А тогда, в 1949 году, мы не дожили всего пары обратных веков, чтобы полюбившихся нам женщин насиловать прямо на обыске. Все остальное ведь уже произошло. Да и вообще не люблю я слово «насиловать» – грубое, неправильное слово.

Почему именно насиловать? Сама бы дала.

Они смотрели друг на друга и молчали. Как сказали бы латиняне – КУМ ТАЦЕНТ КЛЯМАНТ. Их молчание подобно крику. И чем бы закончился этот страшный немой крик, похожий на фотографию убийства, я не знаю, если бы Минька Рюмин не толкнул Лурье в плечо:

– Все. Посидели – хватит. Собирайтесь…

И я сразу же со своего удобного широкого подлокотника в углу подал вступительную реплику:

– А нельзя ли повежливей?

Минька Рюмин, незаменимый в своей естественности партнер для таких интермедий, зарычал:

– Мы и так с ними достаточно церемонькались!

А я покачал головой и тихо, но очень внятно сказал:

– Стыдно, товарищ Рюмин. Чекисту не подобает так себя вести. – И добавил горько и строго: – Стыдно. Зарубите себе на носу!

Минька посмотрел на меня с интересом. А девочка – с надеждой. Старо как мир и так же вечно. Разность потенциалов. Ток человеческой надежды и симпатии начинает сразу течь от худшего к лучшему. Ну и уж если нельзя было там считать меня лучшим, то, по крайней мере, я был не самым плохим. Для девочки ничтожный проблеск жизни отца за порогом мог быть связан только со мной.
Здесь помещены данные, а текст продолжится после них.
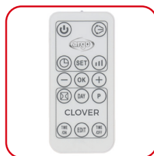
Telecomando slim multifunzione Slim multifunction remote control

Минька понятливо расщерил в улыбке рот и лихо козырнул мясистой ладонью:

– Слушаюсь, товарищ начальник, – и повернулся к старику Лурье: – Прошу вас, одевайтесь…

Старик Лурье. Тогда ему было, наверное, столько же лет, сколько мне сейчас. Но он был старик. Седой, степенный, красивый старик. А я – не старик. Я еще баб люблю. И подхожу им пока вполне. А он любил, видно, только свою толстую жену Фиру. И нежную доченьку Римму. В семье человек старится быстрее. Я не успел состариться в своих семьях. Да и на семьи-то они никогда не были похожи.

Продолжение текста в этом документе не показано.